Building a RDF graph

diseases = bt.Disease.to_dataframe()
diseases.head()
Hide code cell output
! truncated query result to limit=100 Disease objects
uid name ontology_id abbr synonyms description is_locked created_at branch_id created_on_id space_id created_by_id run_id source_id
id
182 3lEY9l5KHXHvI6 precancerous condition MONDO:0021074 None precancerous condition|premalignant condition|... A Pathological Process With Signs Indicating I... False 2026-04-13 15:09:54.889610+00:00 1 1 1 9 6070.0 73
181 3UbujjzPMgLW9n breast ductal adenocarcinoma MONDO:0005590 None ductal carcinoma of breast|mammary duct adenoc... A Breast Carcinoma Arising From The Ducts. Whi... False 2026-04-13 15:09:54.889610+00:00 1 1 1 9 6070.0 73
180 1yX8SwADeAa956 breast carcinoma MONDO:0004989 None mammary carcinoma|carcinoma of the breast|brea... A Carcinoma That Arises From Epithelial Cells ... False 2026-04-13 15:09:54.889610+00:00 1 1 1 9 6070.0 73
179 5BMsSAHuNlNkVR breast adenocarcinoma MONDO:0004988 None adenocarcinoma of breast|adenocarcinoma of the... A Carcinoma That Arises From Glandular Epithel... False 2026-04-13 15:09:54.889610+00:00 1 1 1 9 6070.0 73
178 1vrnOyXFQ3Nd9W breast carcinoma in situ MONDO:0004658 None stage 0 carcinoma of breast|non-infiltrating b... A In Situ Carcinoma That Involves The Breast.

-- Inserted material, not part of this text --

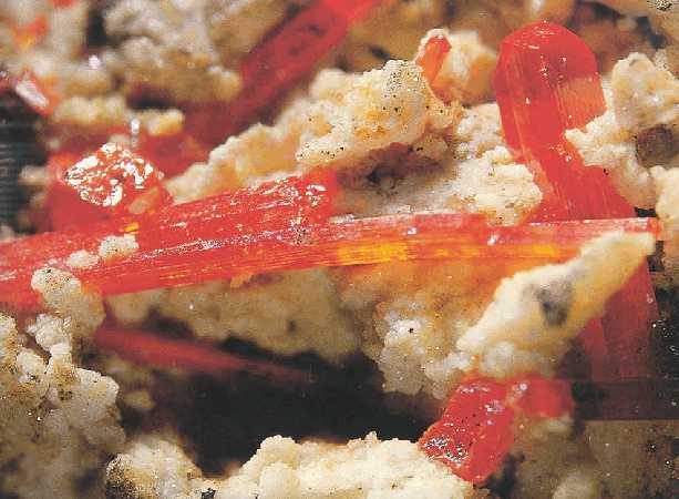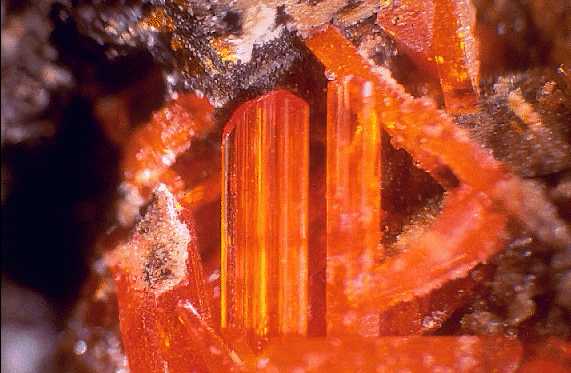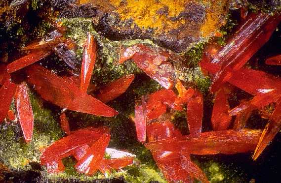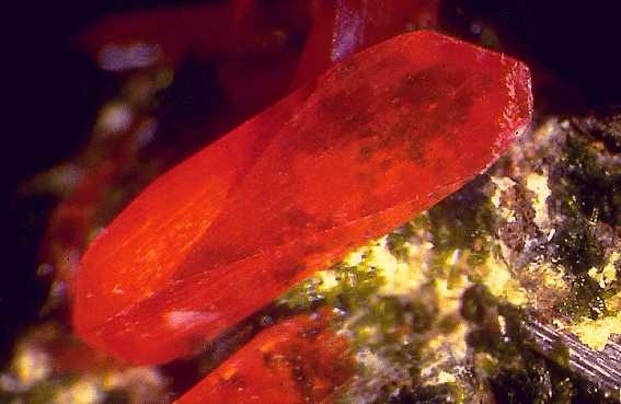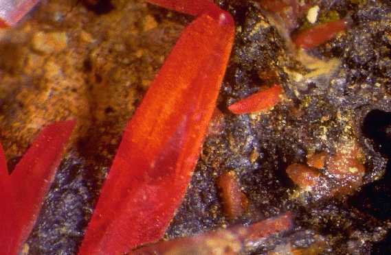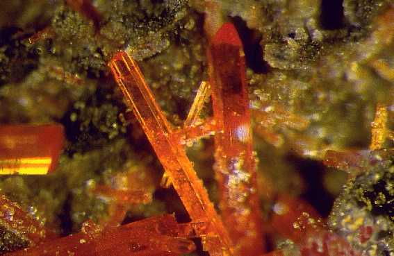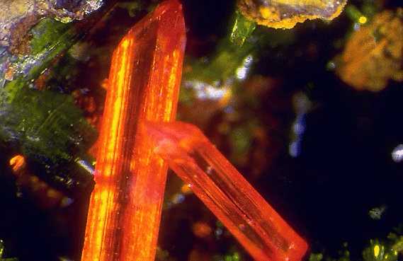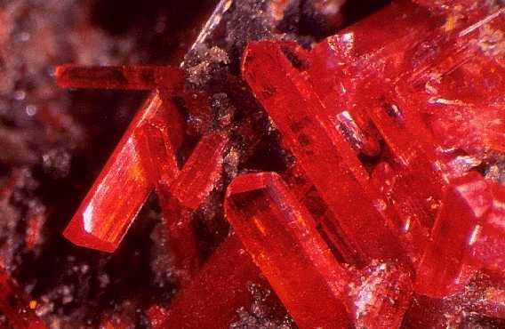 Μακροπρισματικοί κρύσταλλοι κροκοΐτη (1,5 cm). Dundas, Ταζμανία, Αυστραλία. Photo: Olaf Medenbach, The Magic of Minerals. |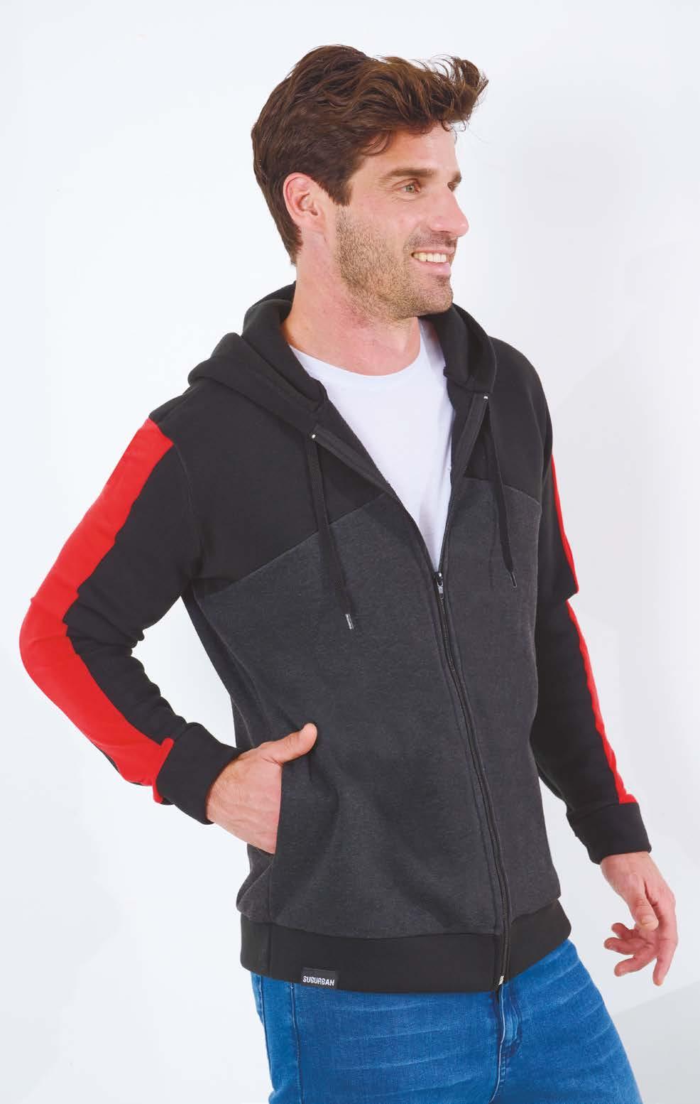 CAMPERA ART. B233-37 Confeccionada en rústico gris topo. Recortes en rústico negro y viscosa rojo. Color: Tricolor (64) Talles: 2 - 3 - 4 - 5 PRECIO REGULAR $2615 $1569 ¡Ahorrá $1046! Rústico 201 HOMBRES

False 2026-04-13 15:09:54.889610+00:00 1 1 1 9 6070.0 73

We convert the DataFrame to RDF by generating triples.

rdf_graph = Graph()

namespace = URIRef("http://sparql-example.org/")

for _, row in diseases.iterrows():
    subject = URIRef(namespace + str(row["ontology_id"]))
    rdf_graph.add((subject, RDF.type, URIRef(namespace + "Disease")))
    rdf_graph.add((subject, URIRef(namespace + "name"), Literal(row["name"])))
    rdf_graph.add(
        (subject, URIRef(namespace + "description"), Literal(row["description"]))
    )

rdf_graph
Hide code cell output
<Graph identifier=N0fcee6021b9c40b2a9aab3d826508d7e (<class 'rdflib.graph.Graph'>)>

Now we can query the RDF graph using SPARQL for the name and associated description:

query = """
SELECT ?name ?description
WHERE {
  ?disease a <http://sparql-example.org/Disease> .
  ?disease <http://sparql-example.org/name> ?name .
  ?disease <http://sparql-example.org/description> ?description .
}
LIMIT 5
"""

for row in rdf_graph.query(query):
    print(f"Name: {row.name}, Description: {row.description}")
Hide code cell output
Name: precancerous condition, Description: A Pathological Process With Signs Indicating It May Become Cancerous. Representative Examples Include Leukoplakia, Dysplastic Nevus, Actinic Keratosis, Xeroderma Pigmentosum, And Intraepithelial Neoplasia.
Name: breast ductal adenocarcinoma, Description: A Breast Carcinoma Arising From The Ducts. While Ductal Carcinomas Can Arise At Other Sites, This Term Is Universally Used To Refer To Carcinomas Of The Breast. Ductal Carcinomas Account For About Two Thirds Of All Breast Cancers. Two Types Of Ductal Carcinomas Have Been Described: Ductal Carcinoma In Situ (Dcis) And Invasive Ductal Carcinoma. The Latter Often Spreads To The Axillary Lymph Nodes And Other Anatomic Sites. The Two Forms Of Ductal Carcinoma Often Coexist.
Name: breast carcinoma, Description: A Carcinoma That Arises From Epithelial Cells Of The Breast
Name: breast adenocarcinoma, Description: A Carcinoma That Arises From Glandular Epithelial Cells Of The Breast
Name: breast carcinoma in situ, Description: A In Situ Carcinoma That Involves The Breast.